For business leaders, agentic AI means specialized agents for threat detection, access management, compliance and user behavior analytics can now form ad hoc teams-automating complex workflows and adapt to new threats. By 2028, Gartner forecasts multiagent AI will account for 70% of threat detection and response implementations, primarily to augment—not replace—staff. Early adopters will see measurable results: Leveraging agent-to-agent collaboration is predicted to cut attacker dwell time in compromised environments by up to 50%, while accelerating response and reducing operational risk. When humans and AI work together, identity security becomes faster, smarter and more resilient.
1. Establish an interoperability baseline. Audit ISPM and ITDR tools for data sharing and workflow integration across human and machine identities. Ensure architectures support agent-to-agent interoperability using open standards like MCP and A2A, so specialized agents can collaborate and automate cross-vendor workflows. Set quarterly targets to reduce IAM tool integration gaps.
2. Pilot tactical AI augmentation. Start with a focused, data-driven use case, such as automated privilege review or anomaly detection. Track improvement in response time and risk reduction.
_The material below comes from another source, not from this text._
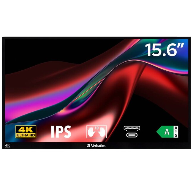 Product Information Verbatim 15.6" 4K UHD Portable Touchscreen Monitor (32238) - Resolution: 3840 x 2160 IPS, Contrast Ratio: 1000:1, Response Time: 6ms (GTG), Aspect Ratio: 16:9, Brightness: 350nits, FreeSync, Connectivity: 2 x USB-C, 1 x HDMI 1.4,1 x USB-A 2.0, 3.5 mm Audio jack, Built-in kickstand, Tilt: from 0° up to 85°

3. Build AI literacy and human oversight. Train teams on both the benefits and limits of AI, including where human verification is required in critical workflows.
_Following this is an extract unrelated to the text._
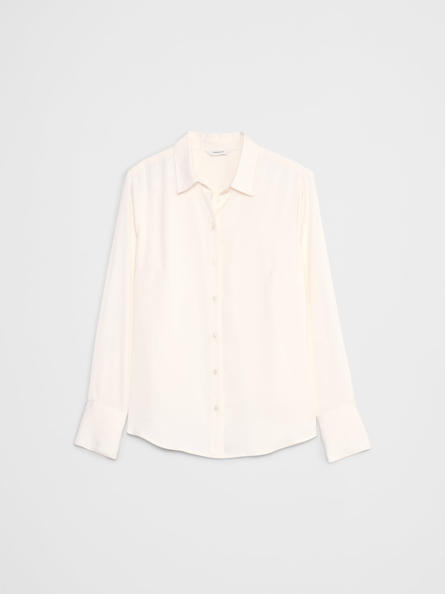 Relaunch to our classic silky shirt in new recycled polyester fabric, silky crepe. More of a cleaner matte finish making this piece more elevated and modern.

4. Continuously review identity hygiene. Use AI-driven discovery to identify unused or risky accounts, but require human validation before making changes. Aim to reduce privileged account sprawl and remediate orphaned accounts as they are detected.
5. Measure what matters. Track outcome-driven metrics such as percentage reduction in excessive permissions, improvement in MFA deployment rates and decreased incident response times. For example, reducing excessive permissions by 20% and increasing MFA coverage to 95% of privileged accounts within one year.
The next breach won't be stopped by just another dashboard or a new AI agent. Organizations that have achieved true interoperability across tools, teams and AI will be able to respond more accurately to security issues. Multiplayer AI and agent-to-agent collaboration will lead the blueprints for resilience in the age of AI turbulence.
Start by assessing your current environment for interoperability gaps, unify your tools and teams and empower your people with AI that amplifies—not replaces—their expertise. In the high-stakes game of identity security, victory belongs to those who play as a team.